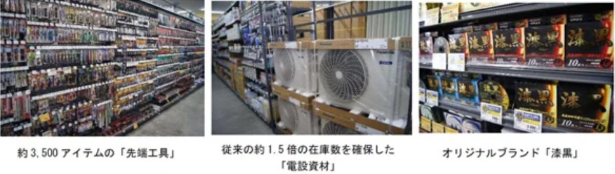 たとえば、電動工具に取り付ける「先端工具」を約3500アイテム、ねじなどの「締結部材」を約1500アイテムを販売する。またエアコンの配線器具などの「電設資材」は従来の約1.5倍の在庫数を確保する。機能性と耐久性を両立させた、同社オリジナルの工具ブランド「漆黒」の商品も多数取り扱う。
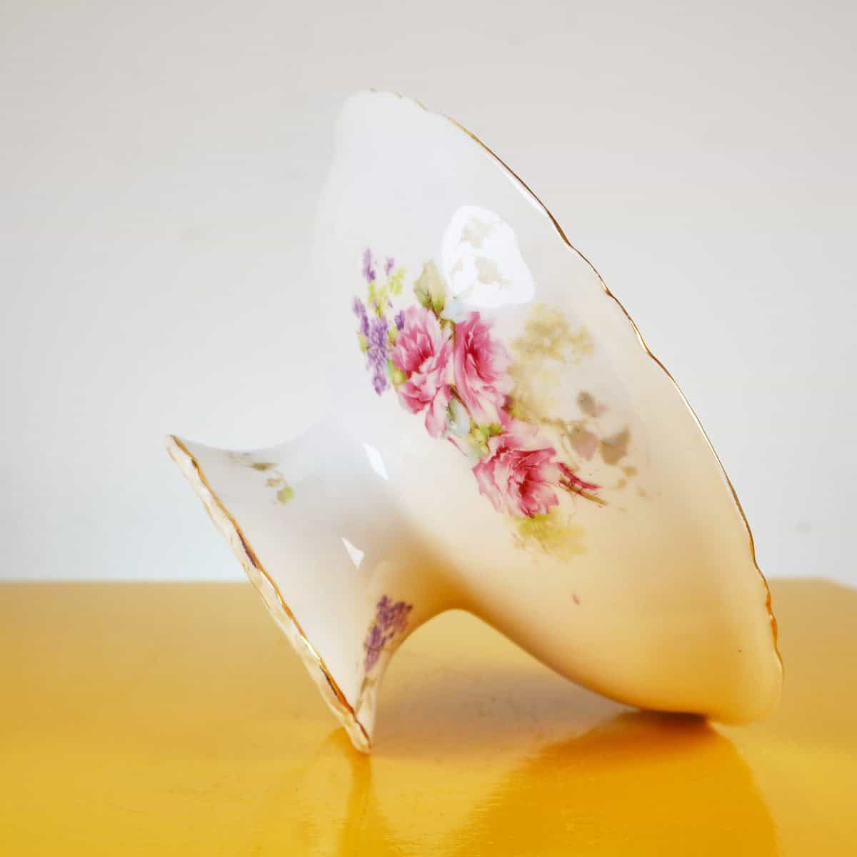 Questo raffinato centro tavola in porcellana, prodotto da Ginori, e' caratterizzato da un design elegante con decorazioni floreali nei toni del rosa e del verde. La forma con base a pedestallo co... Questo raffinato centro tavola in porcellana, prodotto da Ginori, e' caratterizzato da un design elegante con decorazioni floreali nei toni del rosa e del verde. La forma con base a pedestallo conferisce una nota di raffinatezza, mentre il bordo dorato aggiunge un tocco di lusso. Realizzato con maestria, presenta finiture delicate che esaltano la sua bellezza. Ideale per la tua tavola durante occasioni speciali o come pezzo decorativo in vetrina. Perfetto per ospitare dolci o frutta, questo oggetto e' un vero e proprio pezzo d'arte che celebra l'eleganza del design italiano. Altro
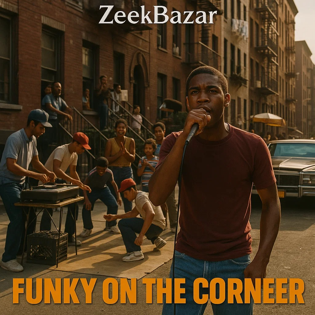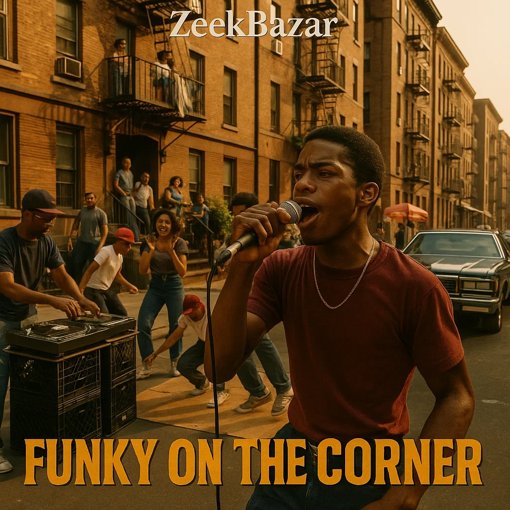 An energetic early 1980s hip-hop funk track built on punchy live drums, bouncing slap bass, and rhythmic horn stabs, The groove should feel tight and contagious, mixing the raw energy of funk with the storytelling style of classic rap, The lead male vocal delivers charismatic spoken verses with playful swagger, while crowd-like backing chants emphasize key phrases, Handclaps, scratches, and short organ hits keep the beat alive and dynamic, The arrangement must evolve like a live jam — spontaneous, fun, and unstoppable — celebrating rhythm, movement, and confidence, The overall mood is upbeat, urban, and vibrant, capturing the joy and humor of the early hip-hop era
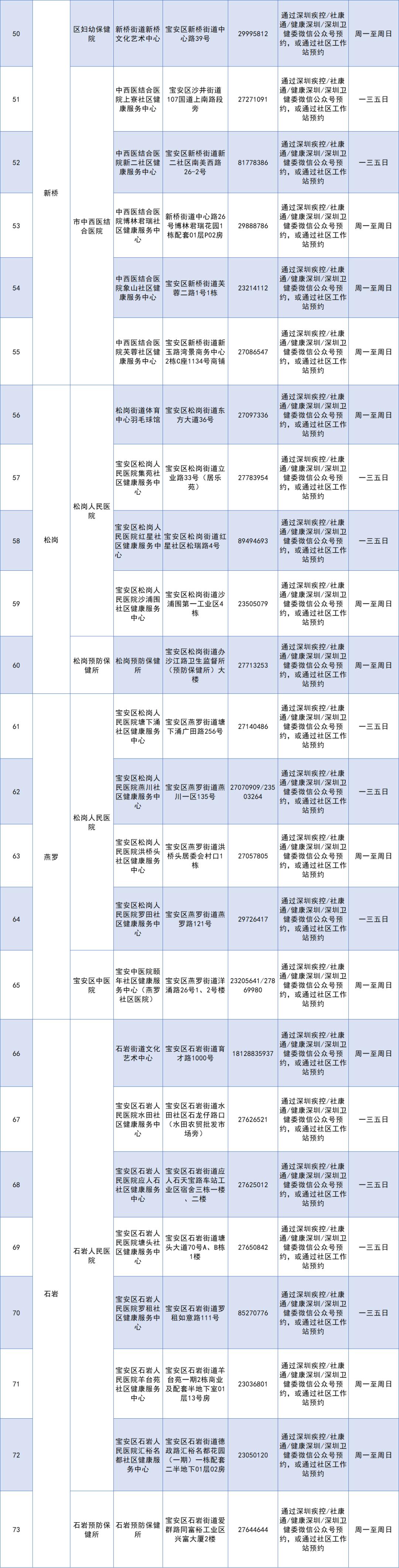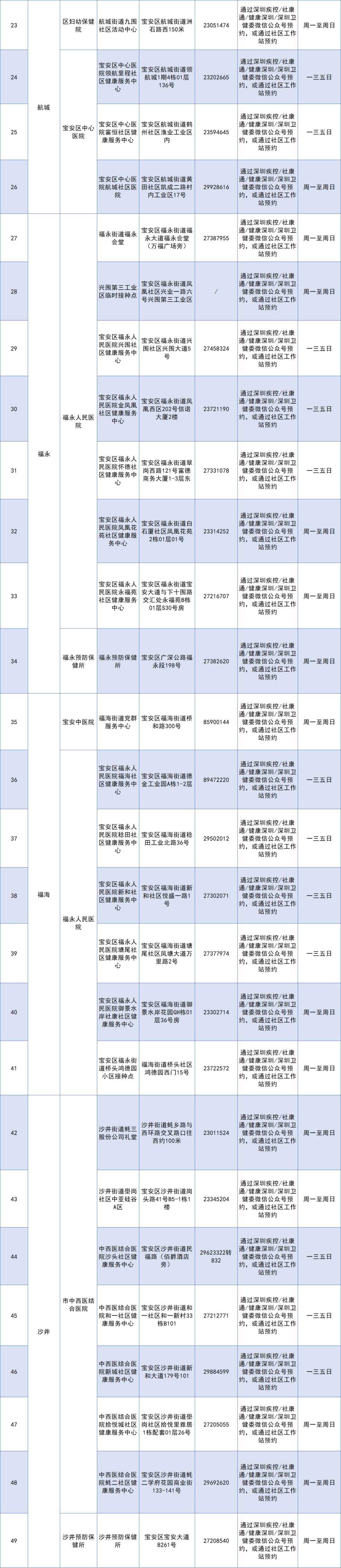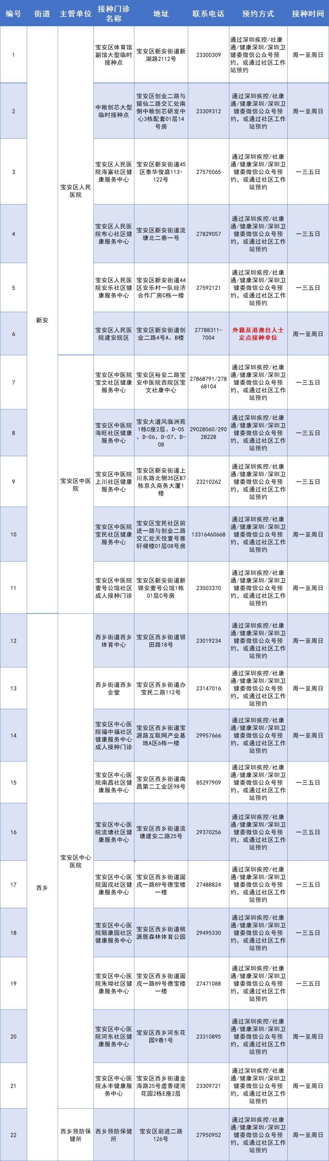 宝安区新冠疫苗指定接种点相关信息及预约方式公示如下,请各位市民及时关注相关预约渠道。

######

Exactly reproduce the run of lines from the start of the listing through the line with "design italiano. Altro", inclusive; pictures are not copied.

 たとえば、電動工具に取り付ける「先端工具」を約3500アイテム、ねじなどの「締結部材」を約1500アイテムを販売する。またエアコンの配線器具などの「電設資材」は従来の約1.5倍の在庫数を確保する。機能性と耐久性を両立させた、同社オリジナルの工具ブランド「漆黒」の商品も多数取り扱う。
 Questo raffinato centro tavola in porcellana, prodotto da Ginori, e' caratterizzato da un design elegante con decorazioni floreali nei toni del rosa e del verde. La forma con base a pedestallo co... Questo raffinato centro tavola in porcellana, prodotto da Ginori, e' caratterizzato da un design elegante con decorazioni floreali nei toni del rosa e del verde. La forma con base a pedestallo conferisce una nota di raffinatezza, mentre il bordo dorato aggiunge un tocco di lusso. Realizzato con maestria, presenta finiture delicate che esaltano la sua bellezza. Ideale per la tua tavola durante occasioni speciali o come pezzo decorativo in vetrina. Perfetto per ospitare dolci o frutta, questo oggetto e' un vero e proprio pezzo d'arte che celebra l'eleganza del design italiano. Altro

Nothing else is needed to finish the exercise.